Defesa do alegado homicida diz que menor terá sido morto "por um urso ou um leão".
Correio da Manhã 23 de Junho de 2021 às 15:22
Dylan tinha 13 anos
Dylan tinha 13 anos FOTO: Direitos Reservados

Dylan Redwine, um menino norte-americano, natural de Denver, de apenas 13 anos, foi assassinado pelo próprio pai após ter descoberto fotografias do progenitor vestido com roupa interior de mulher, segundo relatou a acusação em tribunal, no julgamento de Mark, o pai da criança.

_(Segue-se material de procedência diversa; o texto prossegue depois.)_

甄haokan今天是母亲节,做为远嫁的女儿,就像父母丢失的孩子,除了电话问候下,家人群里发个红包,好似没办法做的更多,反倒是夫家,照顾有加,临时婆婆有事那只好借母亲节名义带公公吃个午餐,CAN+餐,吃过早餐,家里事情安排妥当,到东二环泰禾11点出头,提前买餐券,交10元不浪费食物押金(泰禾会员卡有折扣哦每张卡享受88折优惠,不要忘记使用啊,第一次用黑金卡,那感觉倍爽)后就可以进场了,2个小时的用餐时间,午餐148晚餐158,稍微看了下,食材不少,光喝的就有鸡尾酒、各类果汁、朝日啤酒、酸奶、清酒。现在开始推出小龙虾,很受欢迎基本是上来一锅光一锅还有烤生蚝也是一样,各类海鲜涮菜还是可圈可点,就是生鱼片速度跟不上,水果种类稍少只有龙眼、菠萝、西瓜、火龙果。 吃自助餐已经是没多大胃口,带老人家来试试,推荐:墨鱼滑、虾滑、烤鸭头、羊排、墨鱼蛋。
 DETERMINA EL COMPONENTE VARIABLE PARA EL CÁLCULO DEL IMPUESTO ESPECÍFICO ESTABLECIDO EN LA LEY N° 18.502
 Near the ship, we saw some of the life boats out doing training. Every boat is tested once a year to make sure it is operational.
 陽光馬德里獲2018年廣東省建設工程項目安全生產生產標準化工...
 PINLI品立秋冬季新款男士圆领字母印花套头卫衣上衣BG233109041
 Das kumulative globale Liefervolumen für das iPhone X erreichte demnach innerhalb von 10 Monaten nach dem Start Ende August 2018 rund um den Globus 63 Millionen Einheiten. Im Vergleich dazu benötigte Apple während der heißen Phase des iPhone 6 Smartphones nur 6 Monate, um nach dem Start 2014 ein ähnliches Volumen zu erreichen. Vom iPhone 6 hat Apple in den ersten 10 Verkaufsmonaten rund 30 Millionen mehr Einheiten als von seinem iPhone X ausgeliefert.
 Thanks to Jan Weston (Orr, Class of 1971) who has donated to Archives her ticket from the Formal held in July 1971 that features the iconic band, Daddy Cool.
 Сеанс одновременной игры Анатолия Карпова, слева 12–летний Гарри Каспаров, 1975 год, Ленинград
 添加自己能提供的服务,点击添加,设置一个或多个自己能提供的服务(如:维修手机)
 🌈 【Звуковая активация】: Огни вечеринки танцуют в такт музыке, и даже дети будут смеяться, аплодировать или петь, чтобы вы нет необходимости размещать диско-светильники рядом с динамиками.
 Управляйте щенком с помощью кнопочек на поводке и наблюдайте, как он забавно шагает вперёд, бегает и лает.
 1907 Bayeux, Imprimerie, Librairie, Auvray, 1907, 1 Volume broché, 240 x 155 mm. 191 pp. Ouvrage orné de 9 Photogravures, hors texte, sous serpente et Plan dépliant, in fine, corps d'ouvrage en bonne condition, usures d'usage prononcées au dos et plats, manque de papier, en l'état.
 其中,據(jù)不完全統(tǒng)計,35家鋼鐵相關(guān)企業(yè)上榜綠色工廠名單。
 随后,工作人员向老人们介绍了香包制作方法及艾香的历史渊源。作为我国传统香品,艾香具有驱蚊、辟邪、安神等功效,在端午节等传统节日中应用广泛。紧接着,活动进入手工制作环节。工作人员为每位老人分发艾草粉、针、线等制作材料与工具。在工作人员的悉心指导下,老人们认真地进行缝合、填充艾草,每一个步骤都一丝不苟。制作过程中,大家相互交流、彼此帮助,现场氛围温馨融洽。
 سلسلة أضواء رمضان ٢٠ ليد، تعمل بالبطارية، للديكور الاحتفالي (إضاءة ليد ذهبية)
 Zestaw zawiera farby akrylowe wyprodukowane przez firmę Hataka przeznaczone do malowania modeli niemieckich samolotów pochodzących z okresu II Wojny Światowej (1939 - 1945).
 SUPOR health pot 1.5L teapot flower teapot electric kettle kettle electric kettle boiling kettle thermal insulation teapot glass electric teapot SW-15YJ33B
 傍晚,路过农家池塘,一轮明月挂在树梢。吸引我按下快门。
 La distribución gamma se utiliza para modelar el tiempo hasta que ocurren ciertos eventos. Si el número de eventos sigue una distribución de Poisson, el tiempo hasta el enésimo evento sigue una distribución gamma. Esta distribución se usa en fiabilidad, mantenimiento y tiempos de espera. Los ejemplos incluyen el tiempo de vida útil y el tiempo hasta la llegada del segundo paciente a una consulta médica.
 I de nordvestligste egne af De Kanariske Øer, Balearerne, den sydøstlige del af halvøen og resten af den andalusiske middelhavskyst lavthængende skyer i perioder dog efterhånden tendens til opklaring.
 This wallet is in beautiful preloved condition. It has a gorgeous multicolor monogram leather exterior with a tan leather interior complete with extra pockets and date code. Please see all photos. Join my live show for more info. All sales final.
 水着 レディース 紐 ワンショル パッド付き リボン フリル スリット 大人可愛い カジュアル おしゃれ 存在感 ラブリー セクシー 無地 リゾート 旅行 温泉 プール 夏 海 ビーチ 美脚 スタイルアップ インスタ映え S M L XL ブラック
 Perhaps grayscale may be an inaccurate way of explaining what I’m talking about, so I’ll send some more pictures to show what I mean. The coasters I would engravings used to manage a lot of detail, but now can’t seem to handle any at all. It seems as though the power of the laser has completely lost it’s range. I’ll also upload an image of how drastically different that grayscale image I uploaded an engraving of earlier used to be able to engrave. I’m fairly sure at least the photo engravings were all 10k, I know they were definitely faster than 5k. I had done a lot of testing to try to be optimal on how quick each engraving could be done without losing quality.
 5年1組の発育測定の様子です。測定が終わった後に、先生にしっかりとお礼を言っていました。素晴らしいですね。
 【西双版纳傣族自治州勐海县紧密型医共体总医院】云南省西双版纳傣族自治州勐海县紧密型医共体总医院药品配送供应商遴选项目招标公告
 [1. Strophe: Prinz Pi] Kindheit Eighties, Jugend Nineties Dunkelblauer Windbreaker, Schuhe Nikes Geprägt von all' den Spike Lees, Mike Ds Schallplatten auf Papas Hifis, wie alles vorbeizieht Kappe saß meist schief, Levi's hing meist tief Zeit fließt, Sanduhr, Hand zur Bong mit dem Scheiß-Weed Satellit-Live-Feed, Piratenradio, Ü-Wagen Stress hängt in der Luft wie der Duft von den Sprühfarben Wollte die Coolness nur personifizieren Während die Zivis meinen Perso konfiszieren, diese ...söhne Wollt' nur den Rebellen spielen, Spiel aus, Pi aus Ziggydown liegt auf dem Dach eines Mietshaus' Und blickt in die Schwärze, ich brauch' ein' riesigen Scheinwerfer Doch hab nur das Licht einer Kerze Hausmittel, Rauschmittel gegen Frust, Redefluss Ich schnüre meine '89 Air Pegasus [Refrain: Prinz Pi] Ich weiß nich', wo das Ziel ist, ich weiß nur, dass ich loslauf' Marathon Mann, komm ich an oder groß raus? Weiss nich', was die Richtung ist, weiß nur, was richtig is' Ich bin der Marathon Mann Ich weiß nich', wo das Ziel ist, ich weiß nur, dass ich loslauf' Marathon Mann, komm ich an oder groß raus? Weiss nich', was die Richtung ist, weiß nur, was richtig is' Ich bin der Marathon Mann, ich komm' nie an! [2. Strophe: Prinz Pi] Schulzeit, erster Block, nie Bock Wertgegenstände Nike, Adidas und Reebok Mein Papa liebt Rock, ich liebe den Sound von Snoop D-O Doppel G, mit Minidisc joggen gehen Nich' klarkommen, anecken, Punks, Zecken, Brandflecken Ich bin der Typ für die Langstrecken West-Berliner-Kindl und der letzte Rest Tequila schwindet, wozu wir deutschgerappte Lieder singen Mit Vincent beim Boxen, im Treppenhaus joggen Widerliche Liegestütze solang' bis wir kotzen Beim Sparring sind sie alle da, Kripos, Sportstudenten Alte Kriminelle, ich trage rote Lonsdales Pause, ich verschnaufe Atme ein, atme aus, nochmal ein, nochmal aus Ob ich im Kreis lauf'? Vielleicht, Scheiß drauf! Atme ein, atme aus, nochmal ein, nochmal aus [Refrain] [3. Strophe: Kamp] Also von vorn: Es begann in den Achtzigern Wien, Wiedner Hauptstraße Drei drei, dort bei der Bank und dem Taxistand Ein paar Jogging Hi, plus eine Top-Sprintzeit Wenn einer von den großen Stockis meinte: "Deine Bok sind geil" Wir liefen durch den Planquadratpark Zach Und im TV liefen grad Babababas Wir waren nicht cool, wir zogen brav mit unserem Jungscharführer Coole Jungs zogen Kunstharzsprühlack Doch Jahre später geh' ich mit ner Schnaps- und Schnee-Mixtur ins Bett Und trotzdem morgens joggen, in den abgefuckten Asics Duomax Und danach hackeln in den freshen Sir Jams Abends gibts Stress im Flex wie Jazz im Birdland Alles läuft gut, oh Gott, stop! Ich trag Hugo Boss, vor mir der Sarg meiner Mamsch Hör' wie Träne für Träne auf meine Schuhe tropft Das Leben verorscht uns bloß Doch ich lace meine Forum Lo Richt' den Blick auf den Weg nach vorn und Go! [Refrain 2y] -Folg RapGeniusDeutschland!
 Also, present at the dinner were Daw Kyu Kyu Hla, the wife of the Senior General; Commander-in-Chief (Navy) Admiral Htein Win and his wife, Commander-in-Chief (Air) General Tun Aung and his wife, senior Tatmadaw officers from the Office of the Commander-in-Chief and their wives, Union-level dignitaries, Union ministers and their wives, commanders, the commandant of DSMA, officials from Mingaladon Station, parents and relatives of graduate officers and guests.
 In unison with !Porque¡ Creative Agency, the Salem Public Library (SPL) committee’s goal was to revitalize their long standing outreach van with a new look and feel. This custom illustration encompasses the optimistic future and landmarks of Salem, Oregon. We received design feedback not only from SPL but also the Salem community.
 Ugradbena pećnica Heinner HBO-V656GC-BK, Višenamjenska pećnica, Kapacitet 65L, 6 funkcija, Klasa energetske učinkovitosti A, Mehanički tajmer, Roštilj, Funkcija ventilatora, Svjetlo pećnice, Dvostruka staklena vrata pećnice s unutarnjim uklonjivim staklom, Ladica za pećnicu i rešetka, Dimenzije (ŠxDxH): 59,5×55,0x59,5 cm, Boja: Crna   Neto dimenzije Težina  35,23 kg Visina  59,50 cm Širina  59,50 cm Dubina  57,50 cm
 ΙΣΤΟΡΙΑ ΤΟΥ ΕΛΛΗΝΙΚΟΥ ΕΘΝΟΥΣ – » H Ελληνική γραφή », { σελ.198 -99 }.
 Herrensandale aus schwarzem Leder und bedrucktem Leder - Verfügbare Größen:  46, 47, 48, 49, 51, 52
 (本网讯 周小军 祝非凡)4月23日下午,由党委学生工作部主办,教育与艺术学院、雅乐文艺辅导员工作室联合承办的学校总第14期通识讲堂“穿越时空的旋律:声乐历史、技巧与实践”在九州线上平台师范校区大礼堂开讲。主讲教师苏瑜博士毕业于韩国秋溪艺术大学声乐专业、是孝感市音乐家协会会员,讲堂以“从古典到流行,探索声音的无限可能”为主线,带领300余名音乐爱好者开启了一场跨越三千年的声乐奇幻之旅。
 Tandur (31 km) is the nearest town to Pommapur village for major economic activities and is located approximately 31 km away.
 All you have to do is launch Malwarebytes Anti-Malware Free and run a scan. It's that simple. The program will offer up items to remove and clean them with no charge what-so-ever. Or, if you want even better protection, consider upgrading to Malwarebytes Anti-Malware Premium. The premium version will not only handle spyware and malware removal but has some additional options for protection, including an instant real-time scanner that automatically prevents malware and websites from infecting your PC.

O menino desapareceu depois do jantar de Ação de Graças, em 2012, tendo o progenitor sido detido em 2017. O caso só agora chega aos tribunais, após ter sido adiado o julgamento várias vezes ao longo dos últimos anos.

Na sessão da última semana, o procurador Fred Johnson confrontou o arguido com o facto de o menor ter encontrado fotografias do pai em poses comprometedores, vestido com roupa interior feminina e em atos depravados com uma fralda, afirmando que Dylan ficou apoquentado e, ao questionar o pai, desencadeou uma violenta reação.

Já o advogado de defesa de Mark rejeita esta tese, dizendo que as fotografias comprometedoras "são do mais profundo da vida privada" do arguido e "nada têm a ver com a morte". "O Sr. Redwine não assassinou o filho", argumentou, sustentando que Dylan desapareceu espontaneamente de casa e que poderá ter sido morto por um urso ou um leão, uma vez que o crânio do menor, encontrado numa zona florestal, aparenta ter a marca de um dente.

Segundo mostrou a acusação, Dylan vivia com a mãe após o divórcio dos pais. Não queria ir a casa do pai passar o Dia de Ação de Graças e foi ‘obrigado’ pelo acordo que os pais tinham assinado na separação. O procurador garantiu que irá provar que Dylan foi morto pelo pai na sala, antes do corpo ser atirado por Mark a uma zona de mato, tendo depois este mentido durante meses a fio à polícia.

As testemunhas começam a ser ouvidas na próxima terça-feira.